• [Instructions for the task]
Would you please copy only the lines from the line that contains "Özcan Deniz oğlu" to the end of the data below, exactly, leaving every picture out?

• [Data section]
---------------
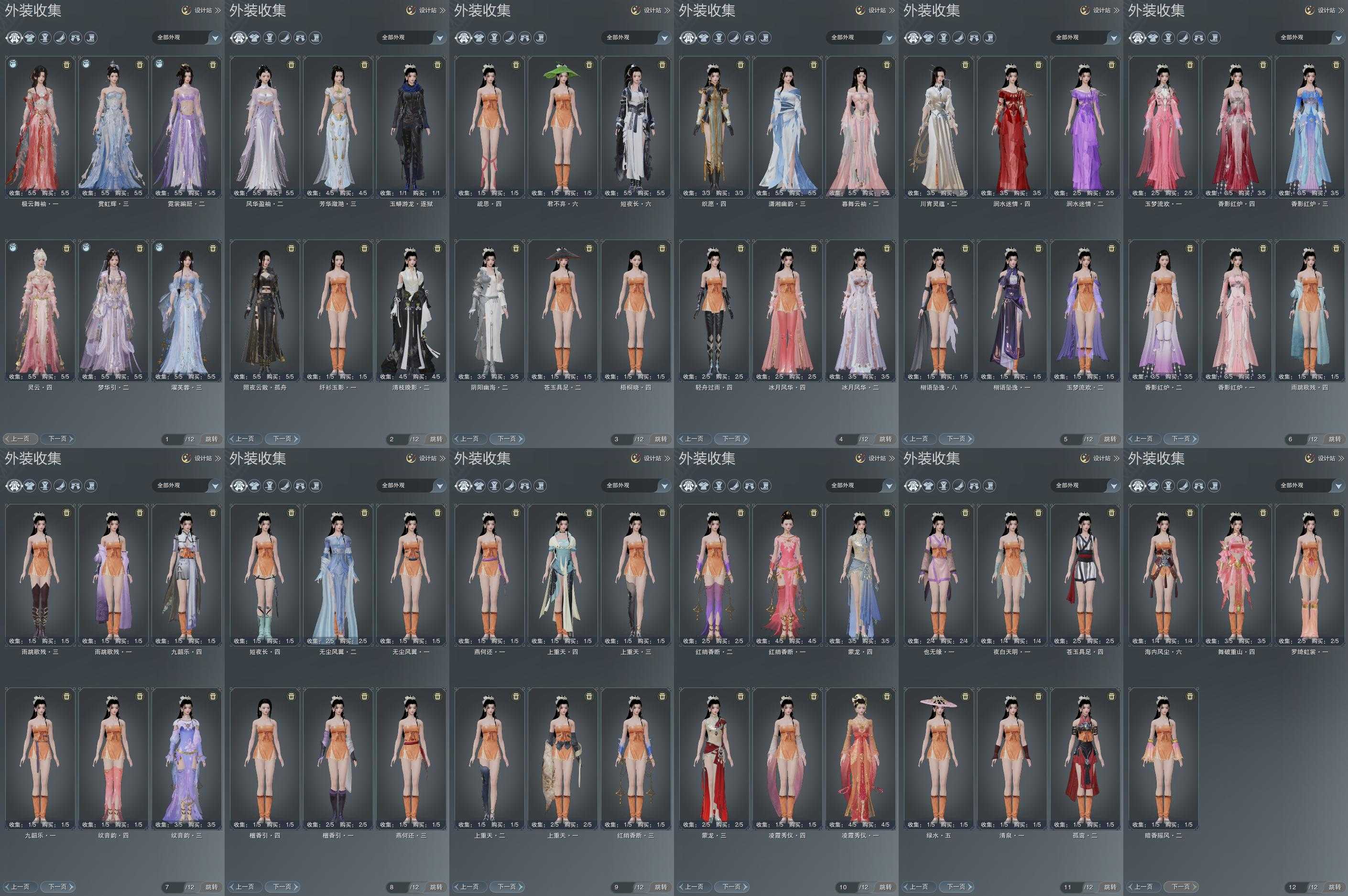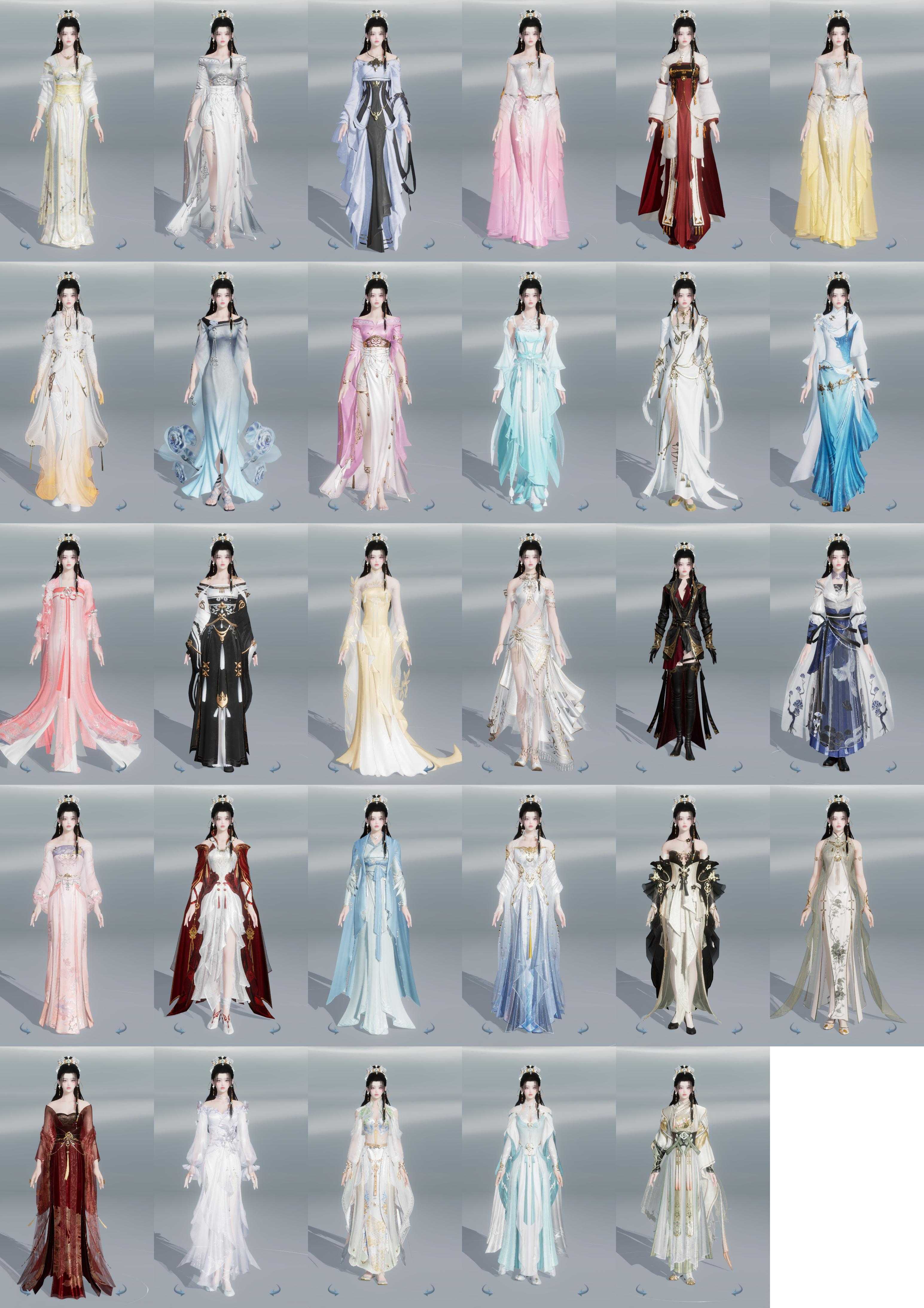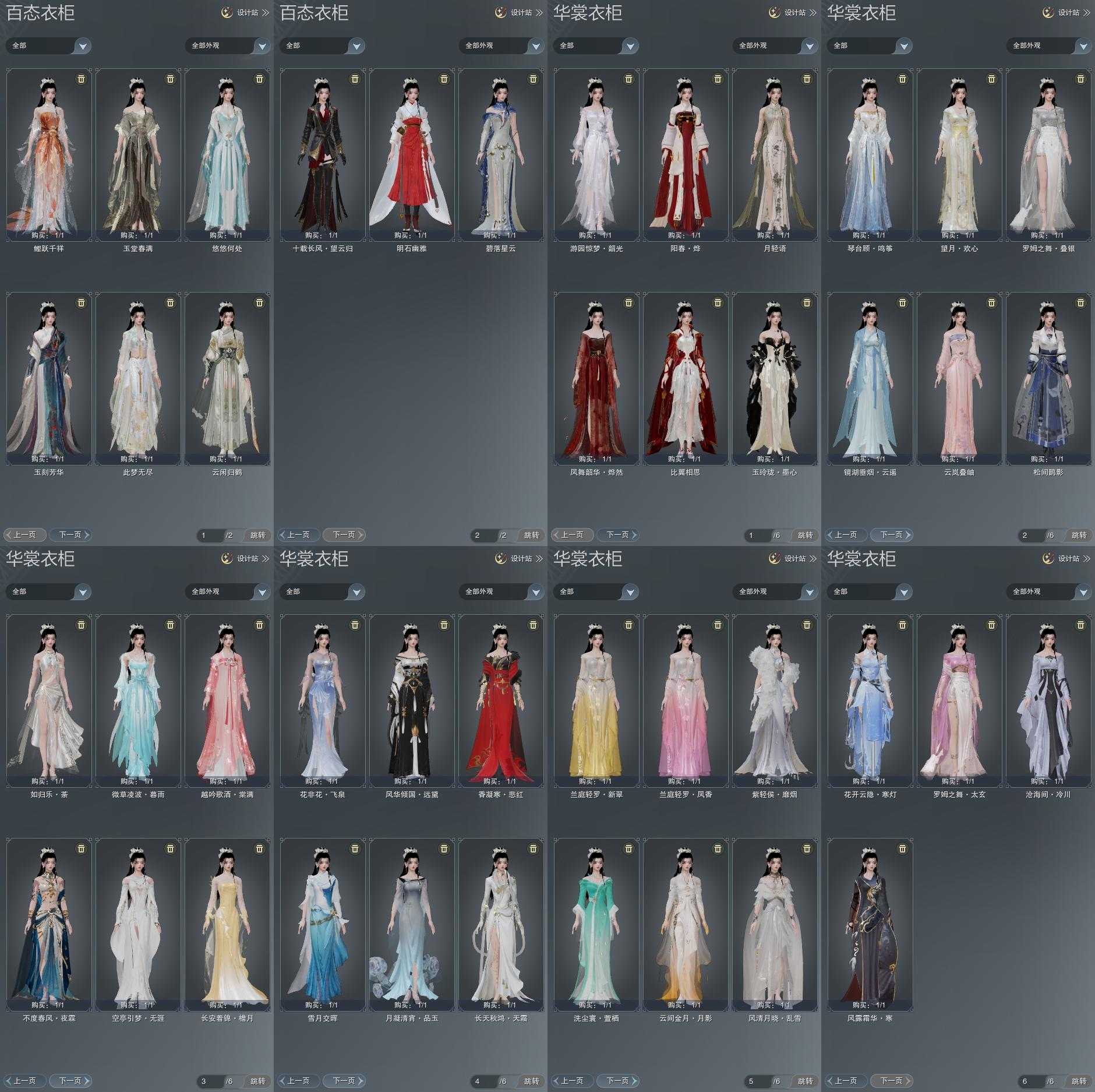 单盒成衣:[四代中秋粉衣, 白如归衣, 同人盒衣, 云岚衣, 五七盒衣, 黑玲珑衣, 旗袍衣, 白游园衣]
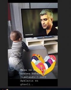 Özcan Deniz oğlu Kuzey’in televizyonda babasının rol aldığı ‘İstanbullu Gelin’ dizisini izlerken ki halini Instagram hesabından hikaye şeklinde takipçileriyle paylaştı.
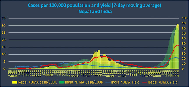 Figure 3 shows Nepal’s exponential growth of new cases and deaths in Baisakh. In one month, Nepal identified 159, 960 new cases from 411,260 tests (RT-PCR) conducted. This gives a monthly yield of 38%. The consistently high yields show that the virus was widely spread and that the testing was largely inadequate. At the beginning of the month, the cases per million population was only 19 cases/million but by the end of it had swiftly moved to 284 cases/million. To compare with the first wave, the high for 30-day new cases was 95,160 between Oct 7-Nov 5, 2020.
---------------
• [Output for this exercise]
 Özcan Deniz oğlu Kuzey’in televizyonda babasının rol aldığı ‘İstanbullu Gelin’ dizisini izlerken ki halini Instagram hesabından hikaye şeklinde takipçileriyle paylaştı.
 Figure 3 shows Nepal’s exponential growth of new cases and deaths in Baisakh. In one month, Nepal identified 159, 960 new cases from 411,260 tests (RT-PCR) conducted. This gives a monthly yield of 38%. The consistently high yields show that the virus was widely spread and that the testing was largely inadequate. At the beginning of the month, the cases per million population was only 19 cases/million but by the end of it had swiftly moved to 284 cases/million. To compare with the first wave, the high for 30-day new cases was 95,160 between Oct 7-Nov 5, 2020.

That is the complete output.